Another challenge facing already overburdened hospitals is staffing, Joffe said, both in recruiting and staffing abortion providers. Especially in states where anti-abortion sentiment is strong, many doctors or hospital nurses may be reluctant to provide them, he added.
“You have to draw from a reservoir that may or may not be sympathetic to abortion, as opposed to a clinic where you don’t go to work unless you have a commitment that abortion is part of health care,” Joffe said.
Abortion advocates say the confusion stems from vague language about the licensing process included in the legislation. It bars clinics from obtaining new licenses starting May 2 and enacts a full ban on Jan. 1, 2024. But advocates are concerned about a separate provision in the 1,446-line bill that specifies under state law that abortions can only be performed in hospitals, making the licensing dates irrelevant.
The clinic-focused legislation has also raised questions about which segments of the population will be most affected and which types of facilities are best equipped to provide specialized care to patients regardless of their income or location.
If clinics stop providing abortions — as early as May or until the end of next year — it could reroute thousands of prospective patients to hospitals and force administrators to devise new policies to provide elective abortions for low-complication pregnancies. To do so would require expanding their services beyond the emergency procedures they previously provided, raising questions about the shift’s impact on capacity, staffing, waiting lists and costs for patients. About 2,800 women in Utah had abortions last year.
The Utah Hospital Association said no hospitals provided elective abortions in the state last year. He declined to answer questions about whether there were plans to accommodate additional patients who might seek care if the clinics close.
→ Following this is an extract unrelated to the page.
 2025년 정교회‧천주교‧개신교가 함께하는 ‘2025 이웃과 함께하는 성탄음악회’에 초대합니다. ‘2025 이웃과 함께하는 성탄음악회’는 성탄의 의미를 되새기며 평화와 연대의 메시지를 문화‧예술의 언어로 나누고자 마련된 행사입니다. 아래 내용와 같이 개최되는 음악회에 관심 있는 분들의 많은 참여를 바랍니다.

The new restrictions are most likely to affect those seeking to end low-complication pregnancies through medication, which accounts for the majority of abortions in Utah and the United States. Abortion medication is approved up to 10 weeks of pregnancy, is mostly prescribed in clinics, and after the FDA rule changed in the era of the pandemic, is increasingly provided via telemedicine.
In Utah, clinicians at three locations run by Planned Parenthood and a fourth by the independent Wasatch Women’s Center in South Salt Lake City provide the majority of abortions. The new law takes on added significance amid a legal vacuum surrounding other abortion laws signed into law in Utah.
Last year’s Supreme Court decision led to two previously approved pieces of legislation – a ban on abortion in 2019 after 18 weeks and a ban on abortion in 2020 regardless of trimester, with several exceptions such as cases of risk to maternal health as well as rape or incest reported to the police. Planned Parenthood of Utah sued over the 2020 ban, and in July, a state court delayed its implementation until legal challenges were resolved. The 18-week ban has since been de facto law.
Abortion access advocates decried this year’s clinic ban as a back door used by anti-abortion lawmakers to limit access while the courts deliberate. If abortions were restricted regardless of trimester to exceptional circumstances, the closure would have a less wide-ranging impact on patients seeking elective abortions between zero and 18 weeks of pregnancy.
The law also clarifies the definition of abortion to address legal liability concerns providers have raised about how the exemptions are worded in state law — a provision the governor and Republican lawmakers called a compromise.